Все права защищены. Данная электронная книга предназначена исключительно для частного использования в личных (некоммерческих) целях. Электронная книга, ее части, фрагменты и элементы, включая текст, изображения и иное, не подлежат копированию и любому другому использованию без разрешения правообладателя. В частности, запрещено такое использование, в результате которого электронная книга, ее часть, фрагмент или элемент станут доступными ограниченному или неопределенному кругу лиц, в том числе посредством сети интернет, независимо от того, будет предоставляться доступ за плату или безвозмездно.

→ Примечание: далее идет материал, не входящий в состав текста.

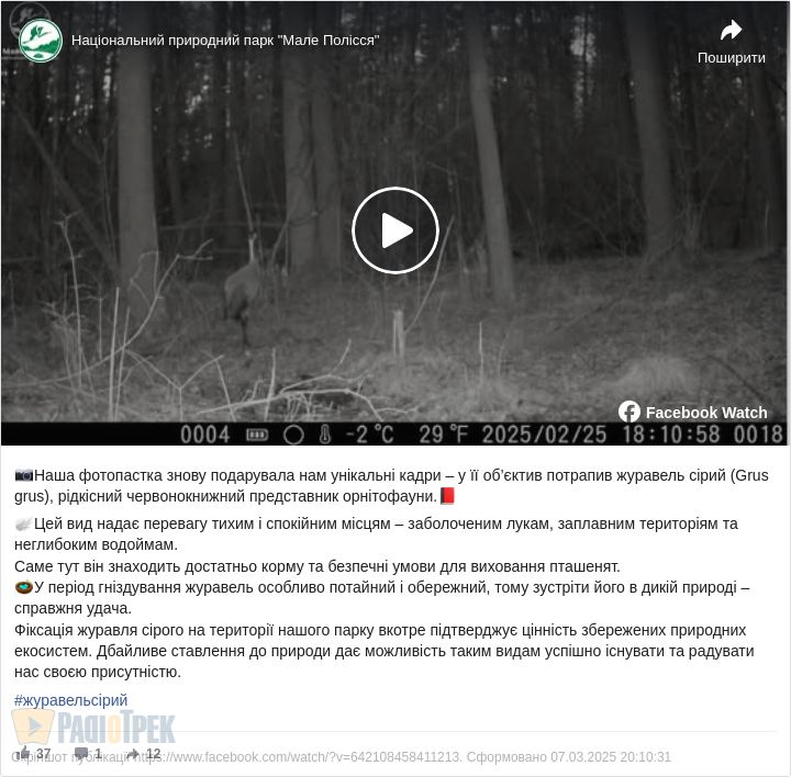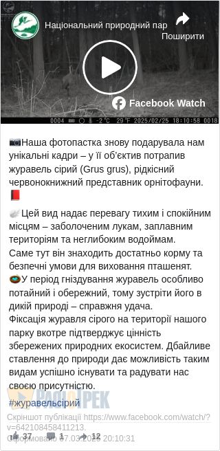 Фахівці зазначають, що поява журавля на території національного парку свідчить про важливість збереження природних екосистем. Завдяки дбайливому ставленню до природи такі рідкісні види мають змогу існувати та радувати своєю присутністю.

Копирование, воспроизведение и иное использование электронной книги, ее частей, фрагментов и элементов, выходящее за пределы частного использования в личных (некоммерческих) целях, без согласия правообладателя является незаконным и влечет уголовную, административную и гражданскую ответственность.

От переводчика
Первым романом, на перевод которого я получил заказ в начале 1990-х, стало «Завещание Оскара Уайльда» английского писателя Питера Акройда – текст, стилизованный под дневник, который Уайльд якобы вел в конце жизни. Это был первый роман Акройда, вышедший по-русски, а для меня – первая попытка вхождения в малознакомую культурную среду, в викторианский Fin-de-siècle («конец века»). Роман был переведен и опубликован, дальше пошли другие переводческие работы – и вдруг случился заказ на письма Уайльда, а еще через несколько лет – на его подробную биографию, написанную Ричардом Эллманом. Уже тогда у меня возникло ощущение, что его единственный роман «Портрет Дориана Грея» нуждается в новом переводе, который будет, во-первых, сделан с учетом того, что мы знаем об атмосфере эпохи, о ее эстетических и философских течениях, и, во-вторых, более верен стилю, смелой образности, ритму и звучанию прозы Уайльда – прозы изящной, но и динамичной, пульсирующей, острой, контрастной, умной, афористичной, лишенной той вялой, церемонной велеречивости, что у нас частенько отличает переводы романов XIX века. Порок и добродетель, красота и безобразие, тело и душа, искусство и жизнь, страсть и безразличие, жалость и жестокость, юность и зрелость, постоянство и изменчивость, шутка и потрясение в этой прозе дерзко, рискованно сближены. Одна из задач переводчика – сохранять присущую роману пульсацию, делать так, чтобы между полюсами, как в оригинале, проскакивала искра. Я взялся за эту работу только четверть века спустя и сейчас, зная, что мой перевод бессмертной книги будет далеко не первым, тем не менее отваживаюсь представить его читателям.
Леонид Мотылёв
Предисловие
Художник – творец прекрасного.
Искусство призвано явить себя и утаить художника.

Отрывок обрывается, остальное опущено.